Counterfeit wine and alcoholic beverages continue to be a growing health and financial problem. Instances of fake wine, liquor, and beer are cropping up worldwide, and it's no longer just fake expensive French vintages.

  • Recently Russia has cracked down on imports of Georgian wine, finding that 50-80% of the famous beverage is fake. Often these fakes are alcoholic cocktails laced with dyes and flavors, and perhaps a trace of fermented grape to try to fool the inexperienced nose.

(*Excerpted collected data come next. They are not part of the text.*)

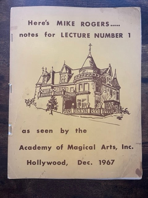 "Here's MIKE ROGERS...notes for Lecture Number 1...as seen by the Academy of Magical Arts, In. Hollywood, Dec. 1967"
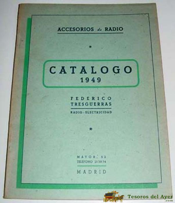 ANTIGUO CATALOGO 1949 DE RADIOS Y ACCESORIOS . ESTABLECIMIENTO FEDERICO TRESGUERRAS - MADRID - CONSTA DE 42 PAGINAS, AGUJAS PARA GALENA, AISLADORES, APARATOS DE GALENA, BOBINAS, CASCOS Y AURICULARES, COMPROBADORES, CONDENSADORES, LAMPARAS, BOTONES PARA M
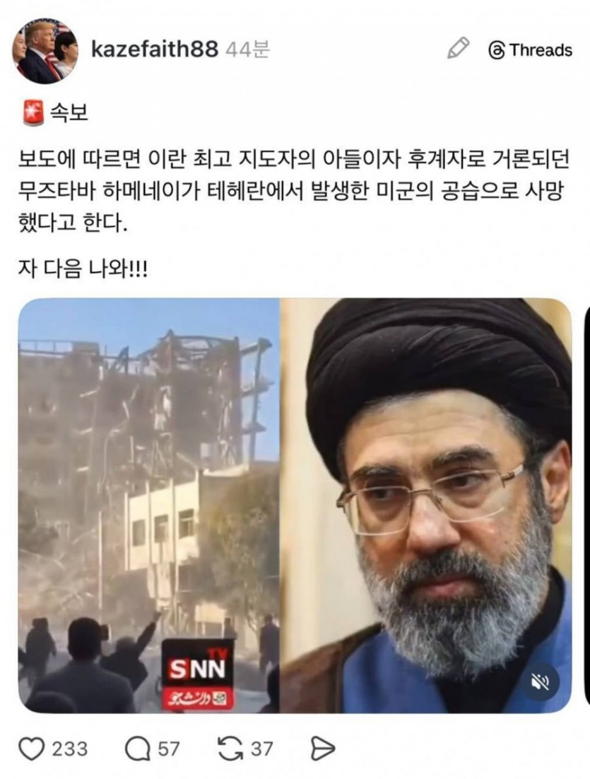 (속보) 하메네이 아들 사망 작성자 정보 81b20880 작성 작성일 2026.03.04 21:14 컨텐츠 정보 344 조회 0 추천 0 비추천 목록 본문 사망.. 0 추천 0 비추천 SNS 공유 관련자료 이전 BTS 공연 앞두고 갤럭시 대여 증가 작성일 2026.03.20 21:58 다음 속보) 이란 미친 사우디 아람코 시설 공격 ㄷㄷㄷ 작성일 2026.03.02 17:37 댓글 0 등록된 댓글이 없습니다. 로그인한 회원만 댓글 등록이 가능합니다. 목록
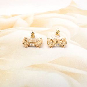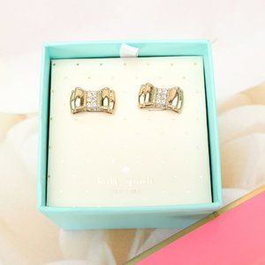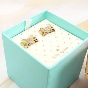 Kate Spade Bow Rhinestone Stud Earrings Gold Tone Fashion Jewelry W/Box
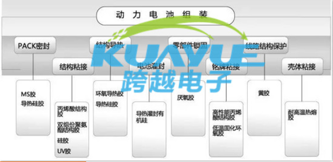 在方型电池中一般会在电池与模块隔板的粘接、电池与模块底板的粘接都是可以用到导热粘接胶等类型的导热胶产品。

  • Fake Eiswein claiming to be from Canada has put a serious freeze on sales in China. Four years ago, China was a promising market for Canadian ice wine. In 2001, one Beijing-based importer was selling 50 to 100 bottles of Canadian ice wine every month, despite the high price of the product. By 2004, the importer's sales of Canadian ice wine have fallen to less than one-fifth of their 2001 level, largely because the pirated ice wines have grabbed control of the market. Furthermore, the poor quality of the fake product has ruined the reputation in this burgeoning market.
  • A recent study by the State Administration for Industry and Commerce in China found nearly 60% of "foreign-brand" liquor found in four major Chinese cities is fake. Often these liquors contain industrial alcohol or formaldehyde - and can be fatal. The counterfeiters were able to copy the anti-counterfeit labels, too.